I wasn’t going to write this.

Sharing this part of my life with the world is anything but easy.
I’m a private person. Most of the people closest to me didn’t even know what I was carrying—emotionally or physically. Truthfully, I could have gone the rest of my life without ever saying these words out loud.

The blog was never meant to be public. It was supposed to be a book, written under a pen name, with no direct connection to me. A quiet release of the pain that was swallowing me whole. A private way to process what happened, for me—and only me.

But a voice kept whispering, louder than my fear:
“This is not just for you.”

This is for the women who are drowning in grief. For the ones trying to find their way back to the light. For the ones standing at the edge of their rope, wondering how they’ll survive one more day.

So this Mother’s Day, we honor the mothers who are often forgotten—
those who have experienced miscarriage, stillbirth, or infant loss.

Whether you only imagined meeting your baby or held them as they took their last breath, your motherhood is real. You are seen. You are remembered. You are not alone.


The Story Continues Here….

Here lies Kelani Deionne-Rochelle Robinson.

My daughter.
My heartbeat.
My second chance that never got to take her first breath on her own.

As the world prepared to celebrate Mother’s Day…
I was preparing to attend my daughter’s funeral.


While everyone else was planning brunches, surprise gifts, and matching outfits for photos,
I was preparing to see my 1 pound, 3 ounce baby girl in a casket the size of a shoebox.

Let that sink in.

A casket…
the size of a shoebox.

That’s what we were given to honor the life I carried for 26 weeks.
That’s what we were given to say goodbye.

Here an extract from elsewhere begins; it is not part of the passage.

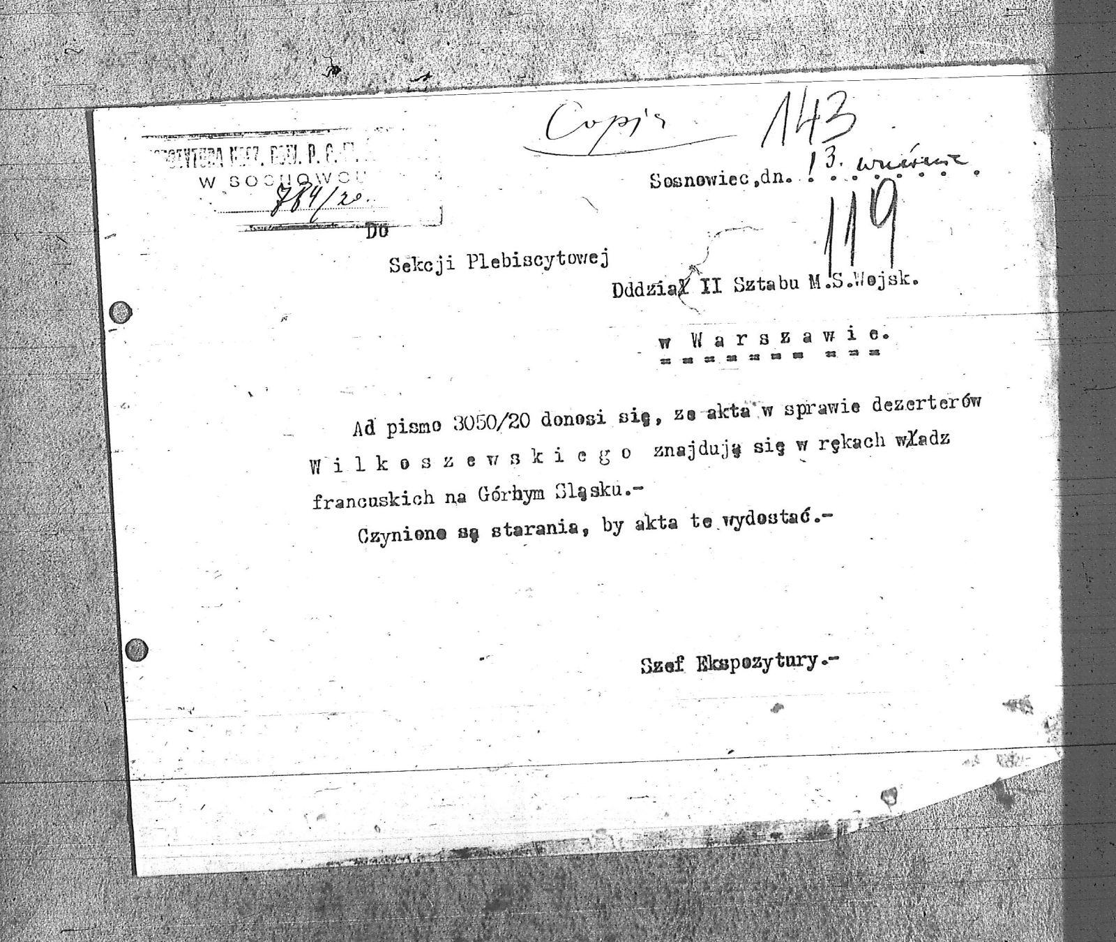 Tytuł Do Sekcji Plebiscytowej Oddział II Sztabu Ministerstwa Spraw Wojskowych w Warszawie

The funeral home brought her two hours late.

Two hours.

Two hours of waiting.
Two hours of praying she would show up so I didn’t collapse before she even arrived.
Two hours of pacing the floors, hands clenched, heart already shredded.

Two hours that reminded me again: nothing about this would be fair.
Not even her farewell.


And when she finally arrived…
when they carried that tiny casket into the sanctuary—
carefully, quietly, like she weighed more than the world—
everything else disappeared.

I saw her box.
And I broke all over again.

I was in a room full of people.
People who showed up.
People who cried with me.
People who wanted to make it better.

And yet, I have never felt more alone in my life.


Because no one else was her mother.
No one else had heard her heart beat from the inside.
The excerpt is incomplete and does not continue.